◆ WHAT IS BEING ASKED ◆
Copy every record that follows, word for word.

START EXERCISE DATA

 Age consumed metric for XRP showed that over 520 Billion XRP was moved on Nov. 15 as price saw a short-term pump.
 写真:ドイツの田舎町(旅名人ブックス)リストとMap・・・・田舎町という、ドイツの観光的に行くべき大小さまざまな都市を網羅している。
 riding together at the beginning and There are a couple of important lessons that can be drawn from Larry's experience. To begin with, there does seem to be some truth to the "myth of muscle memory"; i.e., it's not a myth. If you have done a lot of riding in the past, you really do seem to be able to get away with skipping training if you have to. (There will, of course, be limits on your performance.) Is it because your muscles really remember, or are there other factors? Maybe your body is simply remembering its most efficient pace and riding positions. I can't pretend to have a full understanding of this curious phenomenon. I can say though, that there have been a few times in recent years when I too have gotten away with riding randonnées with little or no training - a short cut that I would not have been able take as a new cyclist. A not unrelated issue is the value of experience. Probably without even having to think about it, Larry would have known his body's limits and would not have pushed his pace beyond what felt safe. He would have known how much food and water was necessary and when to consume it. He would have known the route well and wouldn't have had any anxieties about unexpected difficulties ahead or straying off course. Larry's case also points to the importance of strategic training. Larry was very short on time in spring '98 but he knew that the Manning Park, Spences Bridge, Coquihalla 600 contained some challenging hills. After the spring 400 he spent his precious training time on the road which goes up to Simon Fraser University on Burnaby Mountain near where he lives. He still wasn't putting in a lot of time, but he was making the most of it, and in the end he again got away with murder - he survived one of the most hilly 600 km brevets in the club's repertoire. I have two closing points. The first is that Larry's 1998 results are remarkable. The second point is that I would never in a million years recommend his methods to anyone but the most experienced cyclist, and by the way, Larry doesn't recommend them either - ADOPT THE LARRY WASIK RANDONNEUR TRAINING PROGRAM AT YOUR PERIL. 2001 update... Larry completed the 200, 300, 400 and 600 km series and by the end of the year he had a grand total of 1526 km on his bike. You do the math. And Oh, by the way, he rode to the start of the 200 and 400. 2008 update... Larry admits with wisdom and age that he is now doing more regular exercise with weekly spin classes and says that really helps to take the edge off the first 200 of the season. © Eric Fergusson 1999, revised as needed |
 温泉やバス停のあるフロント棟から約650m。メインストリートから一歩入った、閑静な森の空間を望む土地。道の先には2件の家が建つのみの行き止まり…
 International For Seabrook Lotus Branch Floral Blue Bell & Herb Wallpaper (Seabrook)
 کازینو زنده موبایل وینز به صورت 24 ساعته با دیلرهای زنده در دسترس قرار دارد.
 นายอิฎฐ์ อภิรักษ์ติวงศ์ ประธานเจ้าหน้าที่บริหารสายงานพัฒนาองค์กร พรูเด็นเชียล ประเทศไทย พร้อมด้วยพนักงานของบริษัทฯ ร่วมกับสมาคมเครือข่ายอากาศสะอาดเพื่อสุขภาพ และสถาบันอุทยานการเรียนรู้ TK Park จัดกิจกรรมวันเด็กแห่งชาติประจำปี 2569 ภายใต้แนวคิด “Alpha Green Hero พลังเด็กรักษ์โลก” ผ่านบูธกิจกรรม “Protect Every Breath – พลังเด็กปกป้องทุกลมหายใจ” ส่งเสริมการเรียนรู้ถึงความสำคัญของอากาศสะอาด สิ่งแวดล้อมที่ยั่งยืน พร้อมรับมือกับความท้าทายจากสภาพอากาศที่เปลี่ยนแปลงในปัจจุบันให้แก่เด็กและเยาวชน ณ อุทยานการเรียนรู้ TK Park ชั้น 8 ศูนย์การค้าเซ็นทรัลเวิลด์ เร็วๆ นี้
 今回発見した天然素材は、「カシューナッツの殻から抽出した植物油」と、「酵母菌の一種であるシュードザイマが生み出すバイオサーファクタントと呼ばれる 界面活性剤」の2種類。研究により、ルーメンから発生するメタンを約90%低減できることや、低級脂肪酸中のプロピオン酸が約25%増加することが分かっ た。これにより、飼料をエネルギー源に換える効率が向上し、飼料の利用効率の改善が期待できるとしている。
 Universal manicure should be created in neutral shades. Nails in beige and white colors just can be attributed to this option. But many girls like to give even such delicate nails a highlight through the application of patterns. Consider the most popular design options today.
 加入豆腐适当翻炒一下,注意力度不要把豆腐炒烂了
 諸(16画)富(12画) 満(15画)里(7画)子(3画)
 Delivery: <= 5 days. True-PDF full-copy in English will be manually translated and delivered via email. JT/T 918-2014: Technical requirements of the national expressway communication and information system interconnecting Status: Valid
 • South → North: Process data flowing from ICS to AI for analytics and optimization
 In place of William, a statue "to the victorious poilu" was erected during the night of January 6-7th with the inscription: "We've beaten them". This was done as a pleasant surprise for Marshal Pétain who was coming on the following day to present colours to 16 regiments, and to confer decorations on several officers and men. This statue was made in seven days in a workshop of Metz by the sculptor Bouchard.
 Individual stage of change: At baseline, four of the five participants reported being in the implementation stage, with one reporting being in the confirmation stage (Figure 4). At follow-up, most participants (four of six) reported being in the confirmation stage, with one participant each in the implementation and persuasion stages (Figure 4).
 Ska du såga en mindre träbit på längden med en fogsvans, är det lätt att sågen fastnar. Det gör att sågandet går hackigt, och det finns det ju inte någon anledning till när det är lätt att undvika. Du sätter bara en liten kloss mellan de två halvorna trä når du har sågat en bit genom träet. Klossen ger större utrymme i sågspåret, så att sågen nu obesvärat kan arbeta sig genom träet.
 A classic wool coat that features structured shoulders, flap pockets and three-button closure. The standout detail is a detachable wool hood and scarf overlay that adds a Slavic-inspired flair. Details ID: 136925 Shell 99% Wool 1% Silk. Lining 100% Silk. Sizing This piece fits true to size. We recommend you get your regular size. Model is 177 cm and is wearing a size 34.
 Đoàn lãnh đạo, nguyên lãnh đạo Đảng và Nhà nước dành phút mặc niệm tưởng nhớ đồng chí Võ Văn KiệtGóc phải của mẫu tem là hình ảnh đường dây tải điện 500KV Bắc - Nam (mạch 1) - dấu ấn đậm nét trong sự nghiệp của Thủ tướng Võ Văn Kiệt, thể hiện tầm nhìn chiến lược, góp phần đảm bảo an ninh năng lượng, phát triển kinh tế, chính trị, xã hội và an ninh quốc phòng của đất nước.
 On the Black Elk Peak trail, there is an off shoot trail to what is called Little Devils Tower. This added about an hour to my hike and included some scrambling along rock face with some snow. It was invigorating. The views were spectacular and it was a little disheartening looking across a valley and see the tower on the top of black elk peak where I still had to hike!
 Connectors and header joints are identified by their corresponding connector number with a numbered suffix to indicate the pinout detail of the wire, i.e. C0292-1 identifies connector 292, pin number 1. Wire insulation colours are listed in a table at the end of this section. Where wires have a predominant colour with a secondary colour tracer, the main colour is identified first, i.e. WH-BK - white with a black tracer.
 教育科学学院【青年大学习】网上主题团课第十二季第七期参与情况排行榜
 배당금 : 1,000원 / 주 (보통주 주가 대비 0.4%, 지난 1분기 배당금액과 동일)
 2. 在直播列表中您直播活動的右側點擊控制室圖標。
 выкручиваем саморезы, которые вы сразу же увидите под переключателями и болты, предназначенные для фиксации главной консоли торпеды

END EXERCISE DATA

◆ RESULT OF THE TASK ◆
 Age consumed metric for XRP showed that over 520 Billion XRP was moved on Nov. 15 as price saw a short-term pump.
 写真:ドイツの田舎町(旅名人ブックス)リストとMap・・・・田舎町という、ドイツの観光的に行くべき大小さまざまな都市を網羅している。
 riding together at the beginning and There are a couple of important lessons that can be drawn from Larry's experience. To begin with, there does seem to be some truth to the "myth of muscle memory"; i.e., it's not a myth. If you have done a lot of riding in the past, you really do seem to be able to get away with skipping training if you have to. (There will, of course, be limits on your performance.) Is it because your muscles really remember, or are there other factors? Maybe your body is simply remembering its most efficient pace and riding positions. I can't pretend to have a full understanding of this curious phenomenon. I can say though, that there have been a few times in recent years when I too have gotten away with riding randonnées with little or no training - a short cut that I would not have been able take as a new cyclist. A not unrelated issue is the value of experience. Probably without even having to think about it, Larry would have known his body's limits and would not have pushed his pace beyond what felt safe. He would have known how much food and water was necessary and when to consume it. He would have known the route well and wouldn't have had any anxieties about unexpected difficulties ahead or straying off course. Larry's case also points to the importance of strategic training. Larry was very short on time in spring '98 but he knew that the Manning Park, Spences Bridge, Coquihalla 600 contained some challenging hills. After the spring 400 he spent his precious training time on the road which goes up to Simon Fraser University on Burnaby Mountain near where he lives. He still wasn't putting in a lot of time, but he was making the most of it, and in the end he again got away with murder - he survived one of the most hilly 600 km brevets in the club's repertoire. I have two closing points. The first is that Larry's 1998 results are remarkable. The second point is that I would never in a million years recommend his methods to anyone but the most experienced cyclist, and by the way, Larry doesn't recommend them either - ADOPT THE LARRY WASIK RANDONNEUR TRAINING PROGRAM AT YOUR PERIL. 2001 update... Larry completed the 200, 300, 400 and 600 km series and by the end of the year he had a grand total of 1526 km on his bike. You do the math. And Oh, by the way, he rode to the start of the 200 and 400. 2008 update... Larry admits with wisdom and age that he is now doing more regular exercise with weekly spin classes and says that really helps to take the edge off the first 200 of the season. © Eric Fergusson 1999, revised as needed |
 温泉やバス停のあるフロント棟から約650m。メインストリートから一歩入った、閑静な森の空間を望む土地。道の先には2件の家が建つのみの行き止まり…
 International For Seabrook Lotus Branch Floral Blue Bell & Herb Wallpaper (Seabrook)
 کازینو زنده موبایل وینز به صورت 24 ساعته با دیلرهای زنده در دسترس قرار دارد.
 นายอิฎฐ์ อภิรักษ์ติวงศ์ ประธานเจ้าหน้าที่บริหารสายงานพัฒนาองค์กร พรูเด็นเชียล ประเทศไทย พร้อมด้วยพนักงานของบริษัทฯ ร่วมกับสมาคมเครือข่ายอากาศสะอาดเพื่อสุขภาพ และสถาบันอุทยานการเรียนรู้ TK Park จัดกิจกรรมวันเด็กแห่งชาติประจำปี 2569 ภายใต้แนวคิด “Alpha Green Hero พลังเด็กรักษ์โลก” ผ่านบูธกิจกรรม “Protect Every Breath – พลังเด็กปกป้องทุกลมหายใจ” ส่งเสริมการเรียนรู้ถึงความสำคัญของอากาศสะอาด สิ่งแวดล้อมที่ยั่งยืน พร้อมรับมือกับความท้าทายจากสภาพอากาศที่เปลี่ยนแปลงในปัจจุบันให้แก่เด็กและเยาวชน ณ อุทยานการเรียนรู้ TK Park ชั้น 8 ศูนย์การค้าเซ็นทรัลเวิลด์ เร็วๆ นี้
 今回発見した天然素材は、「カシューナッツの殻から抽出した植物油」と、「酵母菌の一種であるシュードザイマが生み出すバイオサーファクタントと呼ばれる 界面活性剤」の2種類。研究により、ルーメンから発生するメタンを約90%低減できることや、低級脂肪酸中のプロピオン酸が約25%増加することが分かっ た。これにより、飼料をエネルギー源に換える効率が向上し、飼料の利用効率の改善が期待できるとしている。
 Universal manicure should be created in neutral shades. Nails in beige and white colors just can be attributed to this option. But many girls like to give even such delicate nails a highlight through the application of patterns. Consider the most popular design options today.
 加入豆腐适当翻炒一下,注意力度不要把豆腐炒烂了
 諸(16画)富(12画) 満(15画)里(7画)子(3画)
 Delivery: <= 5 days. True-PDF full-copy in English will be manually translated and delivered via email. JT/T 918-2014: Technical requirements of the national expressway communication and information system interconnecting Status: Valid
 • South → North: Process data flowing from ICS to AI for analytics and optimization
 In place of William, a statue "to the victorious poilu" was erected during the night of January 6-7th with the inscription: "We've beaten them". This was done as a pleasant surprise for Marshal Pétain who was coming on the following day to present colours to 16 regiments, and to confer decorations on several officers and men. This statue was made in seven days in a workshop of Metz by the sculptor Bouchard.
 Individual stage of change: At baseline, four of the five participants reported being in the implementation stage, with one reporting being in the confirmation stage (Figure 4). At follow-up, most participants (four of six) reported being in the confirmation stage, with one participant each in the implementation and persuasion stages (Figure 4).
 Ska du såga en mindre träbit på längden med en fogsvans, är det lätt att sågen fastnar. Det gör att sågandet går hackigt, och det finns det ju inte någon anledning till när det är lätt att undvika. Du sätter bara en liten kloss mellan de två halvorna trä når du har sågat en bit genom träet. Klossen ger större utrymme i sågspåret, så att sågen nu obesvärat kan arbeta sig genom träet.
 A classic wool coat that features structured shoulders, flap pockets and three-button closure. The standout detail is a detachable wool hood and scarf overlay that adds a Slavic-inspired flair. Details ID: 136925 Shell 99% Wool 1% Silk. Lining 100% Silk. Sizing This piece fits true to size. We recommend you get your regular size. Model is 177 cm and is wearing a size 34.
 Đoàn lãnh đạo, nguyên lãnh đạo Đảng và Nhà nước dành phút mặc niệm tưởng nhớ đồng chí Võ Văn KiệtGóc phải của mẫu tem là hình ảnh đường dây tải điện 500KV Bắc - Nam (mạch 1) - dấu ấn đậm nét trong sự nghiệp của Thủ tướng Võ Văn Kiệt, thể hiện tầm nhìn chiến lược, góp phần đảm bảo an ninh năng lượng, phát triển kinh tế, chính trị, xã hội và an ninh quốc phòng của đất nước.
 On the Black Elk Peak trail, there is an off shoot trail to what is called Little Devils Tower. This added about an hour to my hike and included some scrambling along rock face with some snow. It was invigorating. The views were spectacular and it was a little disheartening looking across a valley and see the tower on the top of black elk peak where I still had to hike!
 Connectors and header joints are identified by their corresponding connector number with a numbered suffix to indicate the pinout detail of the wire, i.e. C0292-1 identifies connector 292, pin number 1. Wire insulation colours are listed in a table at the end of this section. Where wires have a predominant colour with a secondary colour tracer, the main colour is identified first, i.e. WH-BK - white with a black tracer.
 教育科学学院【青年大学习】网上主题团课第十二季第七期参与情况排行榜
 배당금 : 1,000원 / 주 (보통주 주가 대비 0.4%, 지난 1분기 배당금액과 동일)
 2. 在直播列表中您直播活動的右側點擊控制室圖標。
 выкручиваем саморезы, которые вы сразу же увидите под переключателями и болты, предназначенные для фиксации главной консоли торпеды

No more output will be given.